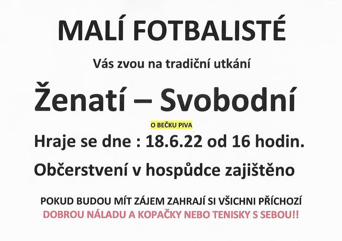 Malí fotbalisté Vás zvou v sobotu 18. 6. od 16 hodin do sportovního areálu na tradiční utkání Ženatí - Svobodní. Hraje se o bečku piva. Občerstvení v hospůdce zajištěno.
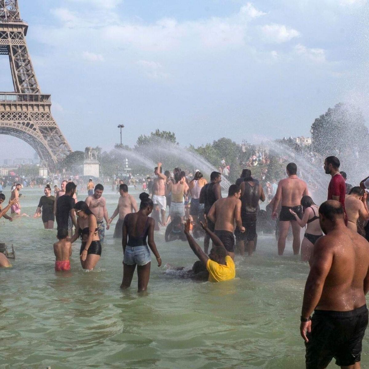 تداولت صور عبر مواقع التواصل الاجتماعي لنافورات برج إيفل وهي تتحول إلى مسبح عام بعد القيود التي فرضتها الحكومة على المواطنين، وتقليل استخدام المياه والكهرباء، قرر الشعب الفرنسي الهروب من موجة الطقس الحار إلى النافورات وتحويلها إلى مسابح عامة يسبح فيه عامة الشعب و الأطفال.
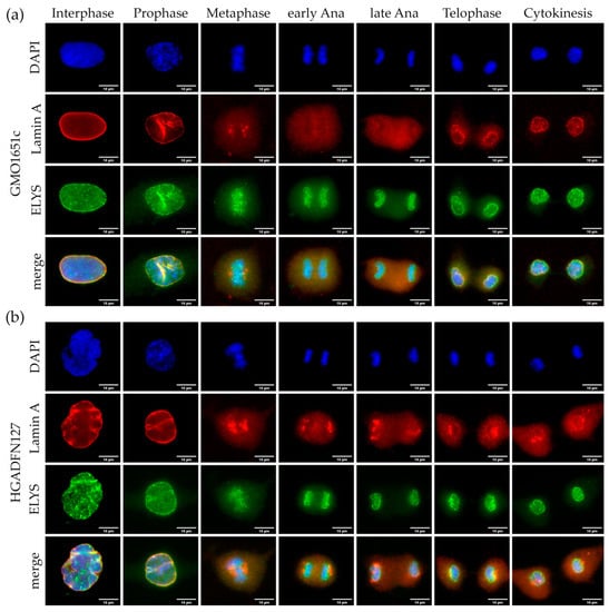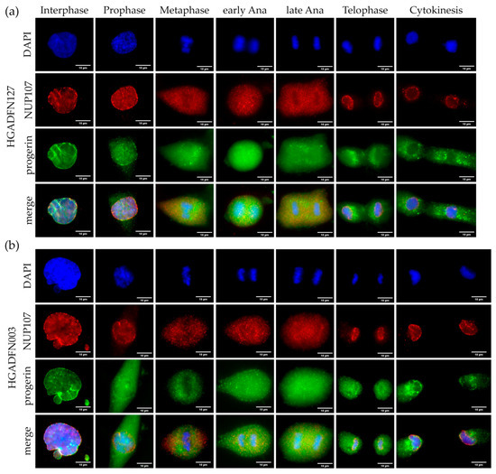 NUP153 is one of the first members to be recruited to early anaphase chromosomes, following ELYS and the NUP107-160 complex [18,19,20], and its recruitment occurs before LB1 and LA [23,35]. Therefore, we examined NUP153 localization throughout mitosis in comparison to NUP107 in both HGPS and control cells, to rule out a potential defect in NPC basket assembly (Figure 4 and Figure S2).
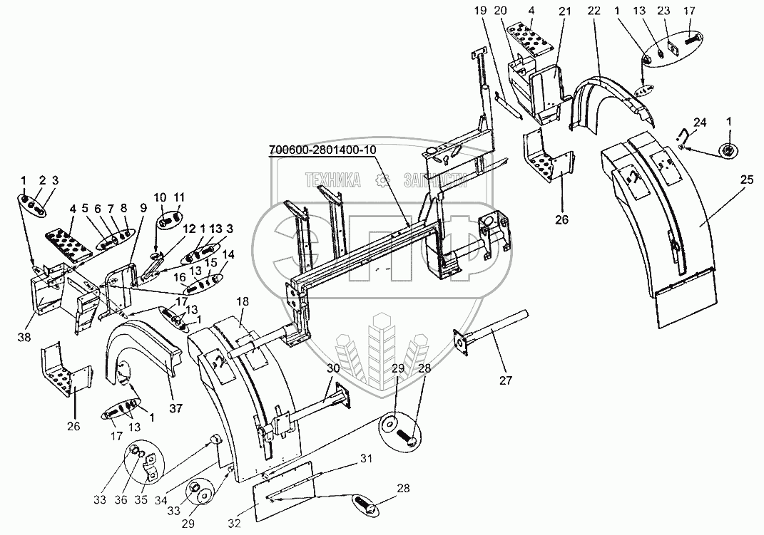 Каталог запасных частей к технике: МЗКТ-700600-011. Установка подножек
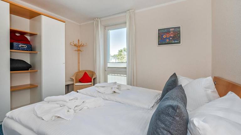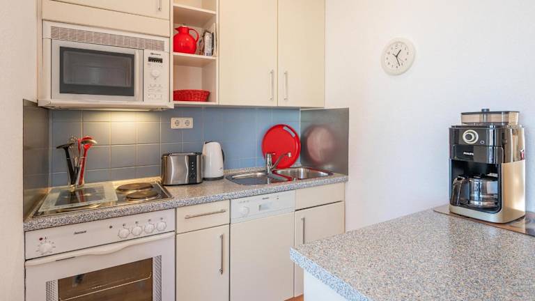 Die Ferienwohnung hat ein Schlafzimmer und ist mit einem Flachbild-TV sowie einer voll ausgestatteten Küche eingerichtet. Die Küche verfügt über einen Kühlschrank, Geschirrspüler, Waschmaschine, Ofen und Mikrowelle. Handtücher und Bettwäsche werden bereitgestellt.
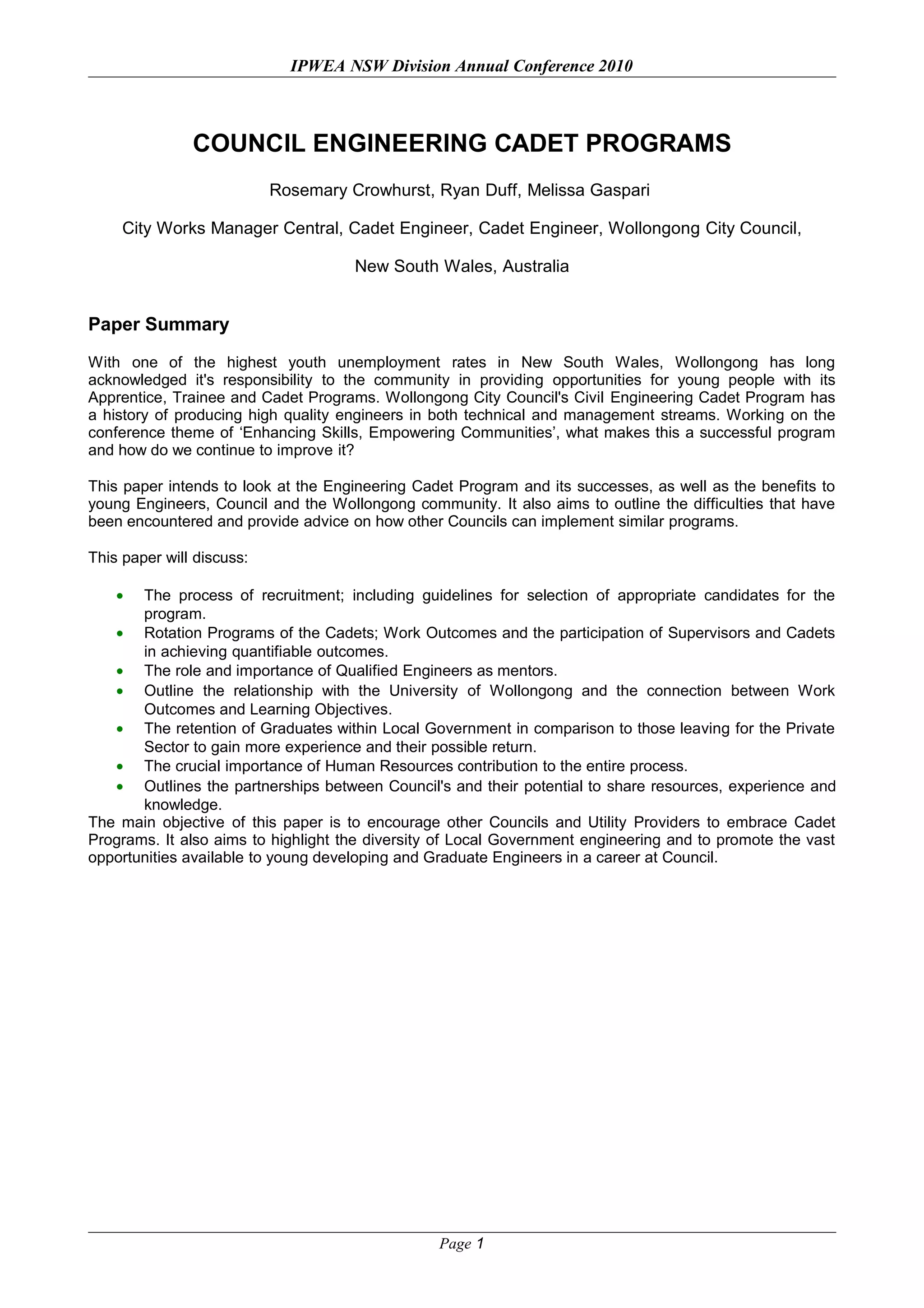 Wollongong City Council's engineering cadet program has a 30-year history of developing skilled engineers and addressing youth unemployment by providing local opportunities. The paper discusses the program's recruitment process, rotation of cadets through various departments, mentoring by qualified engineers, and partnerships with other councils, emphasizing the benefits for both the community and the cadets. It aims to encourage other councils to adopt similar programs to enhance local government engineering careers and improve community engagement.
------------------------------
None of the pictures should be copied, but every record above must be returned exactly.

 Malí fotbalisté Vás zvou v sobotu 18. 6. od 16 hodin do sportovního areálu na tradiční utkání Ženatí - Svobodní. Hraje se o bečku piva. Občerstvení v hospůdce zajištěno.
 تداولت صور عبر مواقع التواصل الاجتماعي لنافورات برج إيفل وهي تتحول إلى مسبح عام بعد القيود التي فرضتها الحكومة على المواطنين، وتقليل استخدام المياه والكهرباء، قرر الشعب الفرنسي الهروب من موجة الطقس الحار إلى النافورات وتحويلها إلى مسابح عامة يسبح فيه عامة الشعب و الأطفال.
 NUP153 is one of the first members to be recruited to early anaphase chromosomes, following ELYS and the NUP107-160 complex [18,19,20], and its recruitment occurs before LB1 and LA [23,35]. Therefore, we examined NUP153 localization throughout mitosis in comparison to NUP107 in both HGPS and control cells, to rule out a potential defect in NPC basket assembly (Figure 4 and Figure S2).
 Каталог запасных частей к технике: МЗКТ-700600-011. Установка подножек
 Die Ferienwohnung hat ein Schlafzimmer und ist mit einem Flachbild-TV sowie einer voll ausgestatteten Küche eingerichtet. Die Küche verfügt über einen Kühlschrank, Geschirrspüler, Waschmaschine, Ofen und Mikrowelle. Handtücher und Bettwäsche werden bereitgestellt.
 Wollongong City Council's engineering cadet program has a 30-year history of developing skilled engineers and addressing youth unemployment by providing local opportunities. The paper discusses the program's recruitment process, rotation of cadets through various departments, mentoring by qualified engineers, and partnerships with other councils, emphasizing the benefits for both the community and the cadets. It aims to encourage other councils to adopt similar programs to enhance local government engineering careers and improve community engagement.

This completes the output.